* [TASK DETAILS]: Output, word for word and without pictures, the lines from the one containing "La synthèse soustractive" through the final line of the listing below.

DATA FOR REVIEW section start

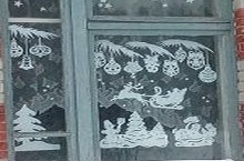 Какой-то волшебник-невидимка незаметно рисует узоры на окнах. Один узор краше другого. То терема высокие, то леса дремучие, а вот животные разные, символ Нового года, Дед Мороз,ангелочки и звезды.
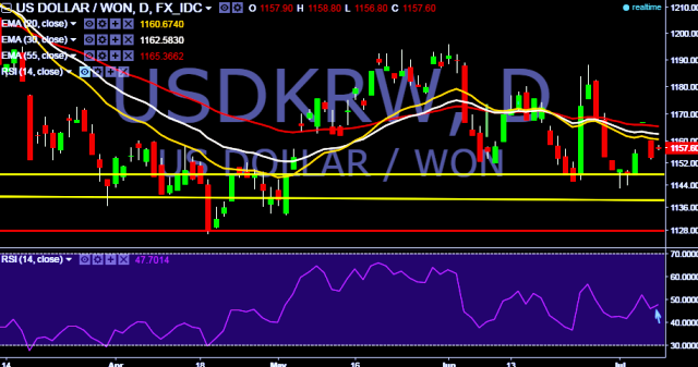 We prefer to take short position in USD/KRW only below 1152, stop loss 1162 and target 1142/ 1127 respectively.
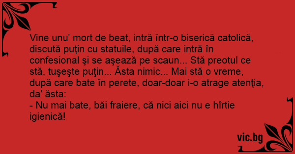 - Nu mai bate, băi fraiere, că nici aici nu e hîrtie igienică!
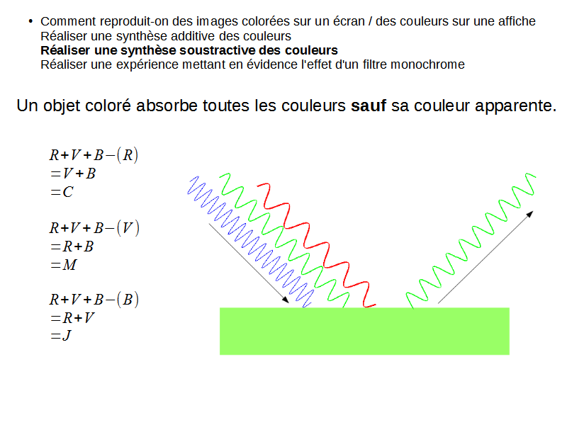 La synthèse soustractive des couleurs consiste à retirer une ou plusieurs couleurs pour obtenir la couleur émise par un objet. Certains objets n'absorbant qu'une couleur, leur couleur apparente consiste en la combinaison des deux couleurs de lumière émises. Ainsi, un objet cyan absorbe le rouge, un objet magenta absorbe le vert, et un objet jaune absorbe le bleu.
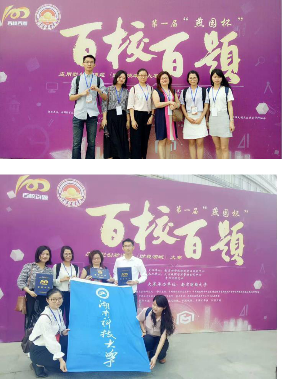 2017年 6月1日,由公司刘卉、蒋佩玲等 6名同学组成竞赛团队参加了第一届全国大学“百校百题”应用型创新课题(财税领域)大赛复赛,并晋级决赛。陈湘州、李启平老师荣获“优秀指导老师”荣誉称号。

DATA FOR REVIEW section end

* [ANSWER SPACE]:
 La synthèse soustractive des couleurs consiste à retirer une ou plusieurs couleurs pour obtenir la couleur émise par un objet. Certains objets n'absorbant qu'une couleur, leur couleur apparente consiste en la combinaison des deux couleurs de lumière émises. Ainsi, un objet cyan absorbe le rouge, un objet magenta absorbe le vert, et un objet jaune absorbe le bleu.
 2017年 6月1日,由公司刘卉、蒋佩玲等 6名同学组成竞赛团队参加了第一届全国大学“百校百题”应用型创新课题(财税领域)大赛复赛,并晋级决赛。陈湘州、李启平老师荣获“优秀指导老师”荣誉称号。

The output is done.